Trent Colbert has self-identified as the Native American/Federalist Society student member who stood up to the harassment of the powers-that-be at Yale Law School (see Aaron Terr’s FIRE story linked below). The Free Beacon’s Aaron Sibarium broke the story with Colbert’s audio clips documenting his close encounters of the diverse kind in “A Yale Law Student Sent a Lighthearted Email Inviting Classmates to His ‘Trap House.’ The School Is Now Calling Him To Account.” Subhead: “In leaked audio, administration officials allege his membership in the conservative Federalist Society is ‘triggering’ and ‘oppressive.’”

Colbert’s audio clips take us inside the asylum of elite higher education. I noted the Free Beacon story and posted Colbert’s audio clips in “Getting minds right at Yale.” Aaron Terr followed up on the Free Beacon coverage in the (excellent) FIRE story “How Yale Law School pressured a law student to apologize for a Constitution Day ‘trap house’ invitation.” David Lat has posted the transcript of an interview with Colbert and an anonymous friend of his here at Lat’s Substack site.

Colbert also appeared on Michael Smerconish’s CNN show. Smerconish covered the story and briefly interviewed Colbert in a good eight-minute segment that is posted here.

Yale Law School authorities threatened Colbert and pressured him to send out a self-abasing written apology that it drafted for him.

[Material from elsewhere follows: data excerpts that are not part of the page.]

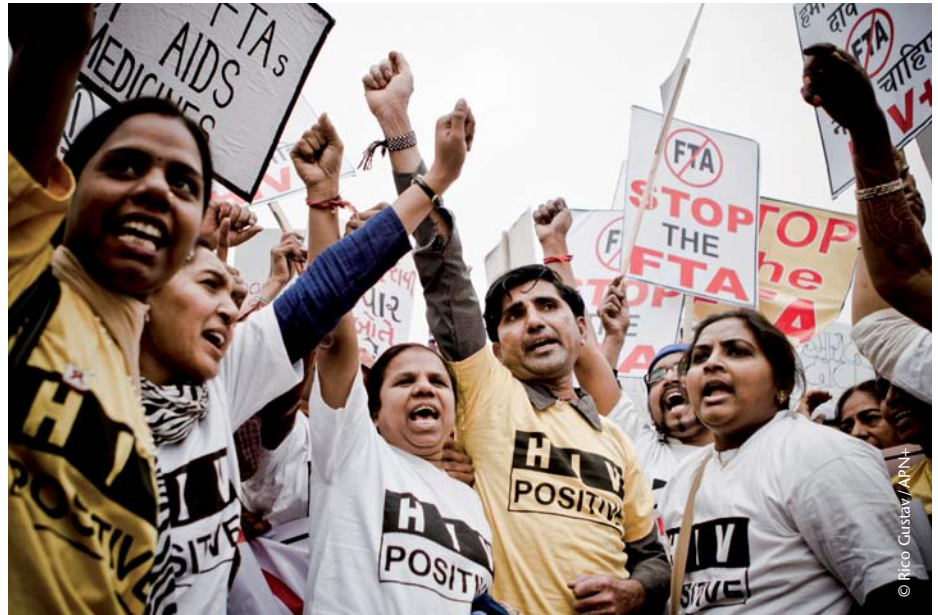
In March, nearly 4,000 people marched in the streets of New Delhi to protest a free trade agreement between India and the European Union that could restrict their access to the affordable medicines they need to stay alive.

Without renewed prioritisation of health, both politically and financially, recent scientific promise and policy advances look fragile. A landmark clinical trial showed conclusively this year that HIV treatment is a form of prevention , offering a glimpse of the possibility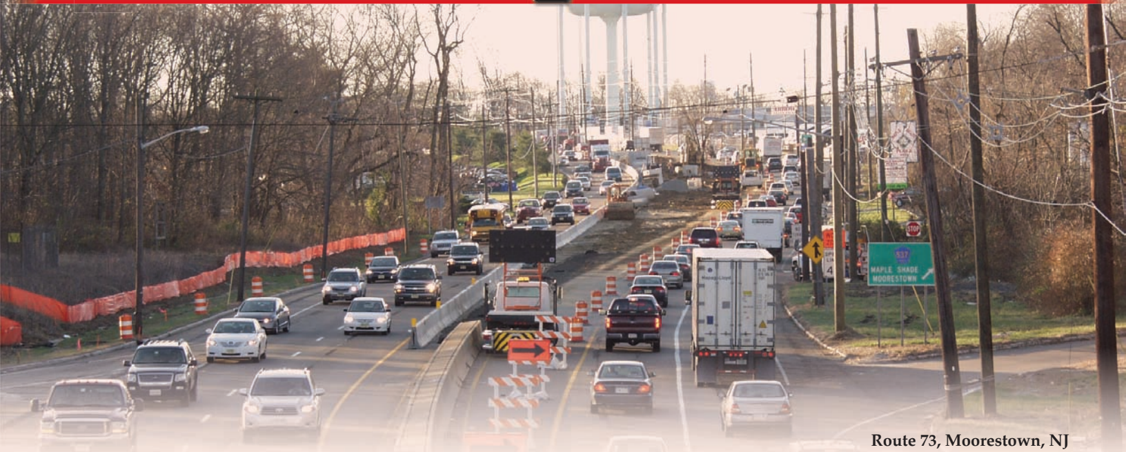
Route 73, Moorestown, NJ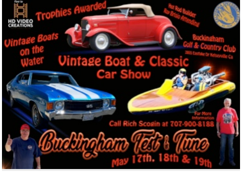
THIS IS GOING TO BE REALY GOOD!

Three days of fun surrounded by a gathering of Vintage Speed Boats Classic Cars and Trucks.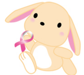
Kayami – the Nippon Kayaku Pink Ribbon campaign character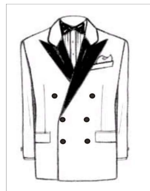
FDB8 6 Button - Peak Lapels Satin Faced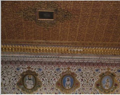
View of Mahrangarh Fort at Jodhpur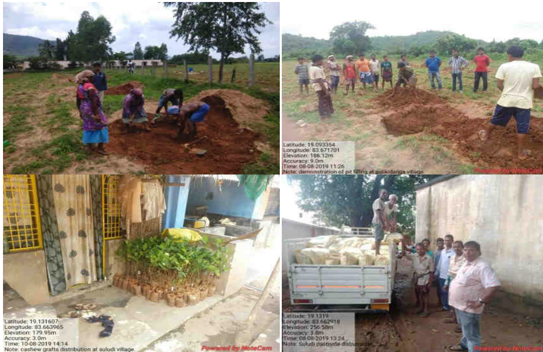
Fig: Support for WADI Plantation by SHAKTI-OTELP PLUS, Ramanaguda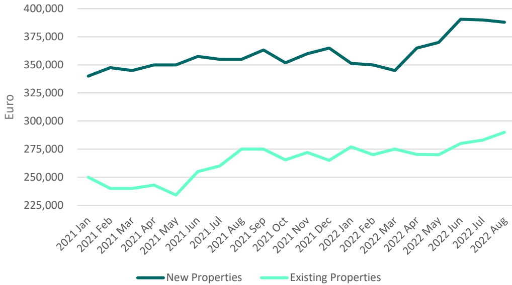
Figure 1: Median Sales Price of New and Existing Properties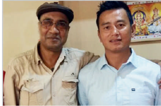
With Mr. Bhaichung Bhutia, Ex. Captain of Indian football Team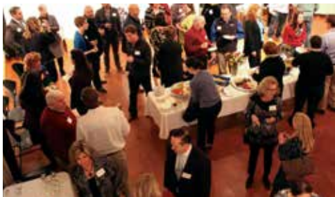
BUSINESS AFTER HOURS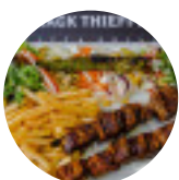
PLATE OF LAMB CHOPS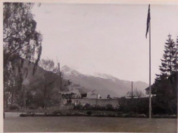
VICEROY AT THE BOTTOM OF THE GARDEN

When Colbert declined, they sent out a statement to the YLS community themselves condemning the offending party invitation (“We condemn this in the strongest possible terms”). In his interview with Smerconsih, Colbert observes that the administrators sent out this statement while they were on the phone with him misrepresenting what it said.

Once exposed in the Free Beacon story, the authorities issued a statement that is so disingenuous as to warrant professional discipline if made by a lawyer as a statement of fact to a court: “Yale University and Yale Law School have strong free speech protections, and no student is investigated or sanctioned for protected speech. When the Law School receives complaints about offensive communications, the Dean of Students routinely tries to help students talk to one another and resolve their disagreements within the community. At no time was any disciplinary investigation launched or disciplinary action taken in this matter.”

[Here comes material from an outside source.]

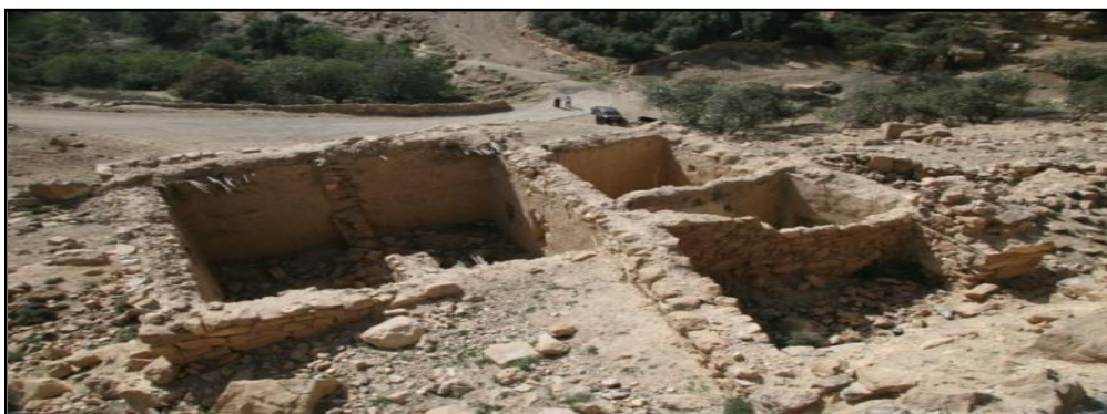
FIGURE 7: A Twin - Room house at Shammakh.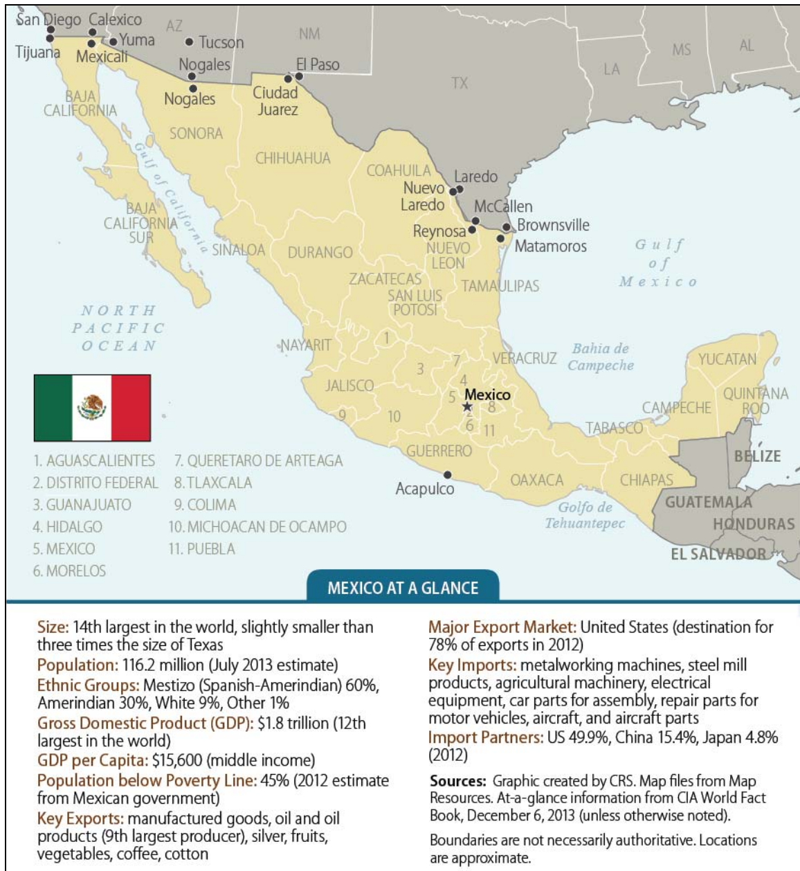
Figure I. Mexico at a Glance

Congress, Supreme Court, and increasingly powerful governors. 4 Partially as a result of those constraints, two successive National Action Party (PAN) administrations struggled to enact the structural reforms needed to boost Mexico’s economic competitiveness and effectively address the country’s security challenges.

The statement further denied that it reports such incidents to bar authorities (the threat made to Colbert): “While any person may report concerns about a lawyers’ character and fitness to the bar, the law school has a longstanding policy of reporting only formal disciplinary action to the Bar Association.”

Yale’s statement may not be the most disgusting element of this disgusting episode, but it too is disgusting. Speaking of apologies, I am warming to the notion that Yale owes one to Colbert.

The YLS authorities who haled Colbert before their Star Chamber — Dean Ellen Cosgrove and Diversity czar Yaseen Eldik — should be compelled to apologize to Colbert in a message to be distributed to the YLS community. In the same fake spirit of generosity they displayed to Colbert, I offer to help them draft the message. However, the apology must demonstrate their awareness of the multifarious wrongdoing they committed. This is what they might call a teachable moment.